▼▼▼

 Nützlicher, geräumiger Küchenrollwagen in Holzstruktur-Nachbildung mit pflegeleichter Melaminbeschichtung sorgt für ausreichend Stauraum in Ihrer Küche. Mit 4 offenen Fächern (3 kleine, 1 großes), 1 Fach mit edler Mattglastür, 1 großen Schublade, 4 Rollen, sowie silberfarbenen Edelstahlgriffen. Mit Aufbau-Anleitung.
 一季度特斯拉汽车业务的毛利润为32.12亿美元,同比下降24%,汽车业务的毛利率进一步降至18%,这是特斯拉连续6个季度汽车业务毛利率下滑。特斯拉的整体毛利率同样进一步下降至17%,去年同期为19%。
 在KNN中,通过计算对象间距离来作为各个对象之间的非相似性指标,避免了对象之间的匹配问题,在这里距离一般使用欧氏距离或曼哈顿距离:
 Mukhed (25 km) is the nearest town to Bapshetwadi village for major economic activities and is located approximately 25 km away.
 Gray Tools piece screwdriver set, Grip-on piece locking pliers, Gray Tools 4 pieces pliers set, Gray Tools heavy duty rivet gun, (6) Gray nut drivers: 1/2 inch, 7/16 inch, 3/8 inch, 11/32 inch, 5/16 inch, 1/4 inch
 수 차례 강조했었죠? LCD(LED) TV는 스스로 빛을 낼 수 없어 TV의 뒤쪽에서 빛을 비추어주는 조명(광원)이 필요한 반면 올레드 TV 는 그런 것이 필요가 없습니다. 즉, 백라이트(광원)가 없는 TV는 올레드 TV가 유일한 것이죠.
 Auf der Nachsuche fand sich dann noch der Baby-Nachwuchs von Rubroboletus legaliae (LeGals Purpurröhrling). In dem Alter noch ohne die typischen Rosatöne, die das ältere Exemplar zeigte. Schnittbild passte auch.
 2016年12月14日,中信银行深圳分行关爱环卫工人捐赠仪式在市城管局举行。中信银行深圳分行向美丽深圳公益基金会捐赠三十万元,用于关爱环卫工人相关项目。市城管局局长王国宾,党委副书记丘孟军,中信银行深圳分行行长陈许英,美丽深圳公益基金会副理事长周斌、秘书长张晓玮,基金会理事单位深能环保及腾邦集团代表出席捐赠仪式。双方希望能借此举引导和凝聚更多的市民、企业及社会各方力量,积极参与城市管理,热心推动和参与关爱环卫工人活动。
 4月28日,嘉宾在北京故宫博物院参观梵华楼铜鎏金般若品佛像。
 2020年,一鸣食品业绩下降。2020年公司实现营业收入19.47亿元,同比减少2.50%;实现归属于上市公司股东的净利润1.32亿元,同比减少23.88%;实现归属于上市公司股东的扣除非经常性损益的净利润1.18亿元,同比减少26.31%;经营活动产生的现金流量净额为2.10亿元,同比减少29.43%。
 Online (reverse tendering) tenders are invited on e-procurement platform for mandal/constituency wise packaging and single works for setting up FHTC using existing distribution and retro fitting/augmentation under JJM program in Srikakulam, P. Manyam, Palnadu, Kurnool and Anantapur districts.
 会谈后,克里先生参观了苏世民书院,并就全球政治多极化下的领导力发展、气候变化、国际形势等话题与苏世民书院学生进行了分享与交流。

▲▲▲

__Instructions to follow__
Write the material above out in full, exactly as it reads.

__Solved exercise__
 Nützlicher, geräumiger Küchenrollwagen in Holzstruktur-Nachbildung mit pflegeleichter Melaminbeschichtung sorgt für ausreichend Stauraum in Ihrer Küche. Mit 4 offenen Fächern (3 kleine, 1 großes), 1 Fach mit edler Mattglastür, 1 großen Schublade, 4 Rollen, sowie silberfarbenen Edelstahlgriffen. Mit Aufbau-Anleitung.
 一季度特斯拉汽车业务的毛利润为32.12亿美元,同比下降24%,汽车业务的毛利率进一步降至18%,这是特斯拉连续6个季度汽车业务毛利率下滑。特斯拉的整体毛利率同样进一步下降至17%,去年同期为19%。
 在KNN中,通过计算对象间距离来作为各个对象之间的非相似性指标,避免了对象之间的匹配问题,在这里距离一般使用欧氏距离或曼哈顿距离:
 Mukhed (25 km) is the nearest town to Bapshetwadi village for major economic activities and is located approximately 25 km away.
 Gray Tools piece screwdriver set, Grip-on piece locking pliers, Gray Tools 4 pieces pliers set, Gray Tools heavy duty rivet gun, (6) Gray nut drivers: 1/2 inch, 7/16 inch, 3/8 inch, 11/32 inch, 5/16 inch, 1/4 inch
 수 차례 강조했었죠? LCD(LED) TV는 스스로 빛을 낼 수 없어 TV의 뒤쪽에서 빛을 비추어주는 조명(광원)이 필요한 반면 올레드 TV 는 그런 것이 필요가 없습니다. 즉, 백라이트(광원)가 없는 TV는 올레드 TV가 유일한 것이죠.
 Auf der Nachsuche fand sich dann noch der Baby-Nachwuchs von Rubroboletus legaliae (LeGals Purpurröhrling). In dem Alter noch ohne die typischen Rosatöne, die das ältere Exemplar zeigte. Schnittbild passte auch.
 2016年12月14日,中信银行深圳分行关爱环卫工人捐赠仪式在市城管局举行。中信银行深圳分行向美丽深圳公益基金会捐赠三十万元,用于关爱环卫工人相关项目。市城管局局长王国宾,党委副书记丘孟军,中信银行深圳分行行长陈许英,美丽深圳公益基金会副理事长周斌、秘书长张晓玮,基金会理事单位深能环保及腾邦集团代表出席捐赠仪式。双方希望能借此举引导和凝聚更多的市民、企业及社会各方力量,积极参与城市管理,热心推动和参与关爱环卫工人活动。
 4月28日,嘉宾在北京故宫博物院参观梵华楼铜鎏金般若品佛像。
 2020年,一鸣食品业绩下降。2020年公司实现营业收入19.47亿元,同比减少2.50%;实现归属于上市公司股东的净利润1.32亿元,同比减少23.88%;实现归属于上市公司股东的扣除非经常性损益的净利润1.18亿元,同比减少26.31%;经营活动产生的现金流量净额为2.10亿元,同比减少29.43%。
 Online (reverse tendering) tenders are invited on e-procurement platform for mandal/constituency wise packaging and single works for setting up FHTC using existing distribution and retro fitting/augmentation under JJM program in Srikakulam, P. Manyam, Palnadu, Kurnool and Anantapur districts.
 会谈后,克里先生参观了苏世民书院,并就全球政治多极化下的领导力发展、气候变化、国际形势等话题与苏世民书院学生进行了分享与交流。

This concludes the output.